Your last question comes from the line of Lei Zhang of Bank of America. Please ask your question.

Lei Zhang

Analyst

Thanks management for taking my question. Two quick questions. One on the competition of dating area, Can you give us some update on the competitive landscape here? And secondly on the bottom line of Tantan and the change of our guidance in terms of breakeven in May next year? Thank you.

Jonathan Zhang

Analyst

So in terms of competitors, we've never been too focused on competition. And we don't really feel any strong or direct competition that we should be worried about.
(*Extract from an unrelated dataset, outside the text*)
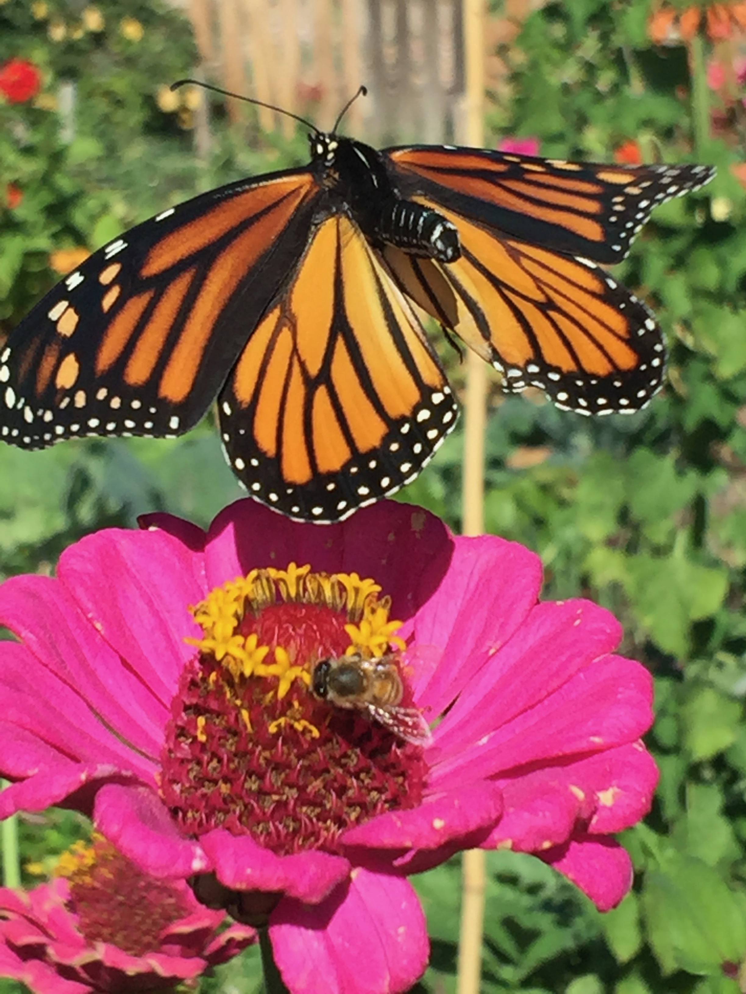 Zinnia flowers are great for pollinators including bees and butterflies!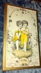 Signed L Penet on both. The cardboard looking paper that they are on is 4x7 approximately. Vivid colors. Black outlines. Drawings are mounted on blue crushed velvet and a gold mat. Wood frames are in almost mint condition. The paper covering the back of frames says "WALLDECOR" all over....and looks old, very small tears in it. Just ADORABLE!! I found out that "Plus Du Tout" means...Not any more or No longer. "En Peu" means...A little bit or something similiar. I love these cupids!

I think that in terms of connecting young singles that could potentially have romantic connections to meet offline. We are by far the market leader currently. So that's for question number one. In terms of question number two, in Q3, we're going to spend a bit more to grow the user base, because usually the summer holiday time presents a good opportunity for marketing. Therefore, net income could be pretty flattish versus Q2. Moving to Q4, revenue will continue to grow meaningfully from both VAS and live streaming. So, even if we continue to spend heavily on marketing, we're still likely to see the breakeven point by the end of the year, but that’s not most happening for us. The strong topline growth should continue into next year, which means that 2021 will most likely be a profit making year for Tantan, unless which is the huge investment opportunities that we have to pursue at the expense of profitability, which we are not seeing at this point. Thank you.

Yan Tang

Analyst

Okay, so just quickly several points to the first question regarding the competition. I think any sort of competition within the open social space will ultimately boil down to one question, and that the single most important question is, who can build the right product to help the users better discover new relationships and build meaningful interactions. On that front, Momo’s team has over nine years of experience and Tantan has around six years of experience. And during that multiple years time, we've seen user behavioral changes and we've gone through multiple rounds of direct and indirect competitions. Some of the competitions came from more focused players in the open social space, and some of the competitions came from ubiquitous application trying to much bigger ubiquitous application, trying to expand into our territory. But I'm happy to see that after all these years, that all these changes, Momo is still -- today Momo is still the dominant player in the respective territory that we are in. That speaks to the capabilities of Momo’s team and also Tantan’s team in the open social space. We are very confident that this is the area where we will continue to be leading down the path. And the other thing is that, the company has built up a comprehensive system and also has a professional team to follow and analyze the competitive landscape on a regular basis. And this is to make sure that the company always -- that we always remain vigilant about what's coming up around the corner. And also this is also to make sure that the company stays at a leading position in the territory that we are in. So, I think this is an area where investors do not need to be too concerned about.

Cathy Peng

Analyst

That concludes the conference call today. Thanks for joining the conference call. We'll see you next quarter. Operator, we're ready to close.

Operator

Operator

Ladies and gentlemen, this concludes our conference, so thank you for participating. You may now all disconnect.